Example: Flag temperature values stuck at the same reading for 3 or more consecutive timesteps:
tf = tf.qc_check(
"flat_line", "temperature", min_count=3, into=True
)
shape: (10, 3)
┌─────────────────────┬─────────────┬──────────────────────────────┐
│ timestamp ┆ temperature ┆ __qc__temperature__flat_line │
│ --- ┆ --- ┆ --- │
│ datetime[μs] ┆ f64 ┆ bool │
╞═════════════════════╪═════════════╪══════════════════════════════╡
│ 2023-01-01 00:00:00 ┆ 18.0 ┆ false │
│ 2023-01-01 01:00:00 ┆ 20.0 ┆ true │
│ 2023-01-01 02:00:00 ┆ 20.0 ┆ true │
│ 2023-01-01 03:00:00 ┆ 20.0 ┆ true │
│ 2023-01-01 04:00:00 ┆ 20.0 ┆ true │
│ 2023-01-01 05:00:00 ┆ 22.0 ┆ false │
│ 2023-01-01 06:00:00 ┆ 21.0 ┆ false │
│ 2023-01-01 07:00:00 ┆ 0.0 ┆ true │
│ 2023-01-01 08:00:00 ┆ 0.0 ┆ true │
│ 2023-01-01 09:00:00 ┆ 0.0 ┆ true │
└─────────────────────┴─────────────┴──────────────────────────────┘
Example: Using ignore_value - suppress flagging when the repeated value is 0.0:
tf = tf.qc_check(
"flat_line", "temperature", min_count=3, ignore_value=0.0, into=True
)
shape: (10, 3)
┌─────────────────────┬─────────────┬──────────────────────────────┐
│ timestamp ┆ temperature ┆ __qc__temperature__flat_line │
│ --- ┆ --- ┆ --- │
│ datetime[μs] ┆ f64 ┆ bool │
╞═════════════════════╪═════════════╪══════════════════════════════╡
│ 2023-01-01 00:00:00 ┆ 18.0 ┆ false │
│ 2023-01-01 01:00:00 ┆ 20.0 ┆ true │
│ 2023-01-01 02:00:00 ┆ 20.0 ┆ true │
│ 2023-01-01 03:00:00 ┆ 20.0 ┆ true │
│ 2023-01-01 04:00:00 ┆ 20.0 ┆ true │
│ 2023-01-01 05:00:00 ┆ 22.0 ┆ false │
│ 2023-01-01 06:00:00 ┆ 21.0 ┆ false │
│ 2023-01-01 07:00:00 ┆ 0.0 ┆ false │
│ 2023-01-01 08:00:00 ┆ 0.0 ┆ false │
│ 2023-01-01 09:00:00 ┆ 0.0 ┆ false │
└─────────────────────┴─────────────┴──────────────────────────────┘
Note
More than one ignore_value can be specified in a list, e.g. [0.0, 20.0]
Example: Using tolerance - flag values that barely change (within 0.01) for 3 or more consecutive readings:
The data below drifts slightly around 20 °C (varying by less than 0.01 between readings) before jumping
to a different range.

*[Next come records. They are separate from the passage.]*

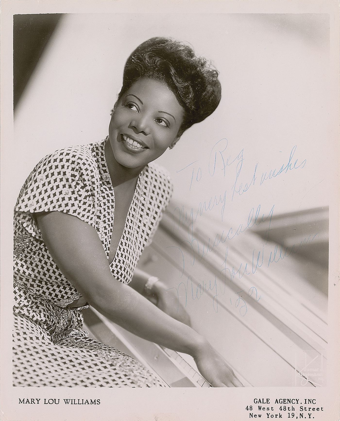American jazz pianist, composer, and arranger (1910-1981), who wrote and arranged for Duke Ellington and Benny Goodman, and was a friend, mentor, and teacher to Thelonious Monk, Charlie Parker, Miles Davis, Tadd Dameron, Bud Powell, and Dizzy Gillespie. Vintage glossy 8 x 10 James J. Kriegsmann publicity photo of Williams seated at a piano, signed and inscribed in blue ballpoint, "To Reg, My very best wishes, Musically, Mary Lou Williams, '52.” In fine condition, with a light vertical crease to her forehead.
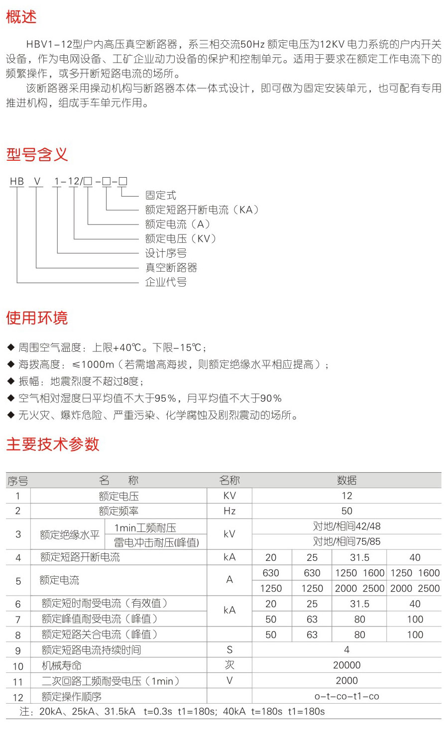 HBV1-12系列固定式戶內(nèi)高壓真空斷路器
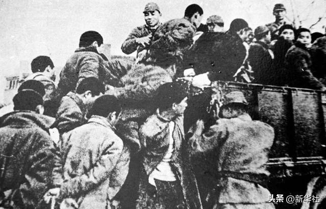 日军将大批南京青壮年捆绑后,押往郊外集体屠杀。新华社发
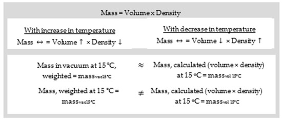 where tm is the temperature of LPP, V is product’s volume at temperature tm, ρ is measured product’s density at temperature tm, α is the coefficient of cubical thermal expansion, t is reference temperature. Under the conditions, when the assumed standard temperature is +15 °C, every 5 °C deviation from the standard temperature causes about 0.5% mass change, and respectively, each 10 °C deviation causes—0.95% mass change. This is a significant influence on the measurement result. In all applicable standards and recommendations main temperature correction aspects are discussed [52,53].
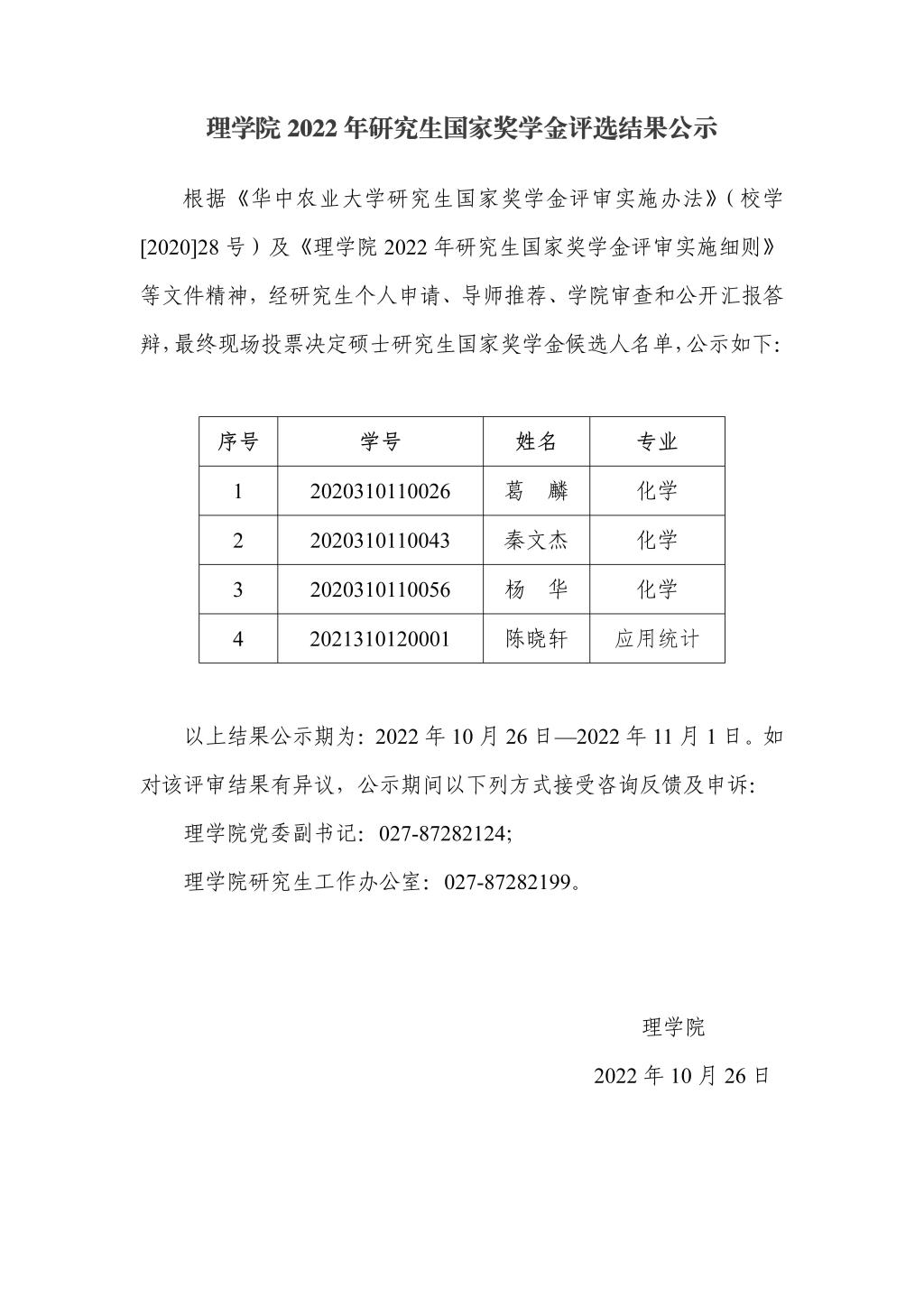 理学院2022年研究生国家奖学金评选结果公示

The tolerance parameter catches these near-flat runs that exact equality would miss.
tf = tf.qc_check(
"flat_line", "temperature", min_count=3, tolerance=0.1, into=True
)
shape: (10, 3)
┌─────────────────────┬─────────────┬──────────────────────────────┐
│ timestamp ┆ temperature ┆ __qc__temperature__flat_line │
│ --- ┆ --- ┆ --- │
│ datetime[μs] ┆ f64 ┆ bool │
╞═════════════════════╪═════════════╪══════════════════════════════╡
│ 2023-01-01 00:00:00 ┆ 18.0 ┆ false │
│ 2023-01-01 01:00:00 ┆ 20.0 ┆ true │
│ 2023-01-01 02:00:00 ┆ 20.005 ┆ true │
│ 2023-01-01 03:00:00 ┆ 20.001 ┆ true │
│ 2023-01-01 04:00:00 ┆ 19.991 ┆ true │
│ 2023-01-01 05:00:00 ┆ 22.0 ┆ false │
│ 2023-01-01 06:00:00 ┆ 20.99 ┆ true │
│ 2023-01-01 07:00:00 ┆ 21.003 ┆ true │
│ 2023-01-01 08:00:00 ┆ 21.009 ┆ true │
│ 2023-01-01 09:00:00 ┆ 20.997 ┆ true │
└─────────────────────┴─────────────┴──────────────────────────────┘
Additional parameters¶
Observation interval¶
Specify an observation interval to restrict the QC check to a specific time window. This is useful when:
You only want to QC a specific period of observations (e.g. summer 2024).
You need to re-run checks on recent data without reprocessing the full archive.
You want to exclude known bad periods (e.g. sensor maintenance) from checks.
Into¶
The into argument controls what you get back:
into=False→ return a boolean Series (mask of failed rows).into=True→ add a new boolean column with an automatic name.into="my_column"→ add a new boolean column with a custom name.
Note
If a column name already exists, Time-Stream auto-suffixes it to avoid overwriting.